The UC Berkeley campus community this week celebrated the grand opening of the Bakar BioEnginuity Hub (BBH), the campus’s bold new home for research and innovation.
The remarkable facility, located in Woo Hon Fai Hall, the former Berkeley Art Museum and Pacific Film Archive, combines the Bakar Labs incubator with scholarships and programming for Berkeley students and researchers, equipping STEM entrepreneurs with labs, offices, equipment and shared community spaces.
After two years of seismic upgrades and renovations, BBH celebrated its opening this month. Bakar Labs, the facility’s flagship life sciences incubator, has been operational since mid-November, offering space to tenant companies.
Tuesday night’s grand opening brought together Berkeley’s large community of researchers, entrepreneurs, and change makers who have supported the transformation of the building since its inception.
“Old galleries, once a space for quiet contemplation, are now filled with wet labs and world-class collaboration areas, where teams from start-ups can test, develop and grow their ideas, a bench to the time,” Chancellor Carol Christ said Tuesday. “The transformation of the building is in itself a work of art… It took many towns to help us get to this moment.”
Attendees mingled in outdoor areas where they learned more about the newly renovated space, and a “dinner stroll” on the lower terrace of the building featured interactive exhibits from students and up-and-coming entrepreneurs.

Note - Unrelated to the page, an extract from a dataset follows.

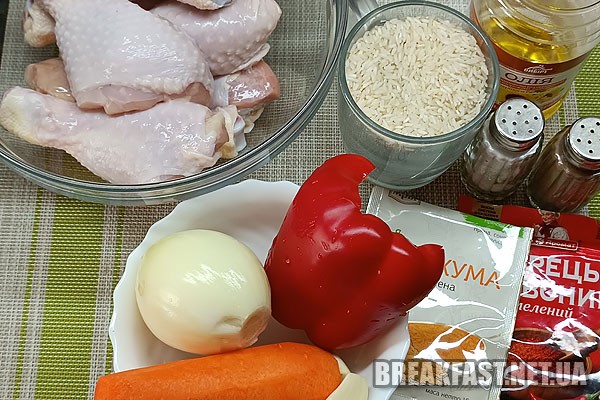 Для приготування Курячих гомілок з рисом у рукаві нам будуть потрібні такі продукти:

Tours of the four-story building were also given, including a look at the 40,000 square feet of laboratory and office space that startups are currently using to support their research, ranging from gene and cell therapy to food technology to alternatives to meat and go. agricultural crop production.
The facility was created in collaboration between UC Berkeley and QB3, a University of California institute that supports UC’s entrepreneurship and research programs. Almost 20 startups have already moved into the space, which has the capacity to support more than 50 companies.

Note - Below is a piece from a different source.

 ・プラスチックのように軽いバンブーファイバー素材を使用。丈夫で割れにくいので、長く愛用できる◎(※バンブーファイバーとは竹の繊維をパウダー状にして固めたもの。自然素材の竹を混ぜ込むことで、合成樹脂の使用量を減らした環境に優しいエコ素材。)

“(We) are going to be an incredible model for the country on how to translate technologies to benefit society. Our tenant companies are solving important challenges in medicine and the environment, while creating high-value jobs,” said BBH Director David Schaffer, who is also a professor of chemical and biomolecular engineering, bioengineering, and molecular and molecular engineering at UC Berkeley. Cell Biology. “In addition, at BBH and QB3 we are launching undergraduate and graduate training programs with Bakar Labs companies to help train California’s future workforce.”
Guests were also treated to a conversation between 2020 Nobel Laureate and Berkeley Chemistry Professor Jennifer Doudna and Sue Desmond-Hellmann, former Executive Director of the Gates Foundation. BBH founding director Amy Herr also spoke Tuesday about the “enormous challenges facing humanity” and how Berkeley is responding.
“In a uniquely Berkeley way, the BBH offers a magical spark designed to ignite truly original ideas from people who think differently, not just looking to the present but, very importantly, looking to tomorrow,” said Herr. , professor of bioengineering at Berkeley. “As we celebrate the opening of BBH, we are implicitly celebrating that magical spark that is UC Berkeley: being tirelessly impatient to heed the call to create a better future for all.”
Amy Herr, David Schaffer, Reg Kelly, Tammy Hsu, and Kwasi Apori celebrate the opening of the Bakar BioEngenuity Hub (Video by Jenny Chu, Stefanie Kalem, and Michael Lin).